Instructions to follow - The listing must be copied out in full and exactly; no images go with it.
Start of Material provided
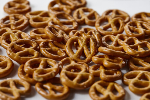 وجبات خفيفة من البريتزل على خلفية بيضاء
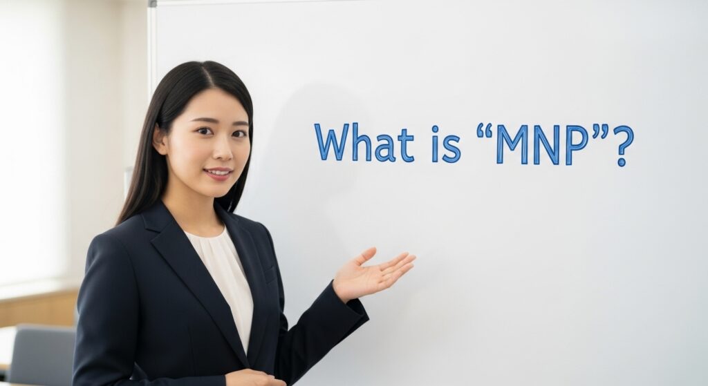 「MNP」はMobile Number Portabilityの頭文字を省略した表記で、利用している通信会社から別の通信会社に乗り換えても、現在利用している電話番号を継続して利用できる制度です。
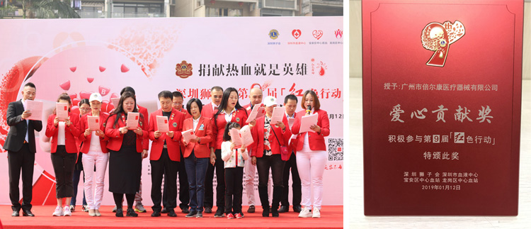 2019年1月12日,聯(lián)手深圳獅子會(huì)在深圳龍華區(qū)民治春華四季園舉行了第九屆“紅色行動(dòng)”給每一位成功獻(xiàn)血的朋友送出倍爾康額溫計(jì),并榮獲了“愛(ài)心貢獻(xiàn)獎(jiǎng)”。
End of Material provided
Output for this task -
 وجبات خفيفة من البريتزل على خلفية بيضاء
 「MNP」はMobile Number Portabilityの頭文字を省略した表記で、利用している通信会社から別の通信会社に乗り換えても、現在利用している電話番号を継続して利用できる制度です。
 2019年1月12日,聯(lián)手深圳獅子會(huì)在深圳龍華區(qū)民治春華四季園舉行了第九屆“紅色行動(dòng)”給每一位成功獻(xiàn)血的朋友送出倍爾康額溫計(jì),并榮獲了“愛(ài)心貢獻(xiàn)獎(jiǎng)”。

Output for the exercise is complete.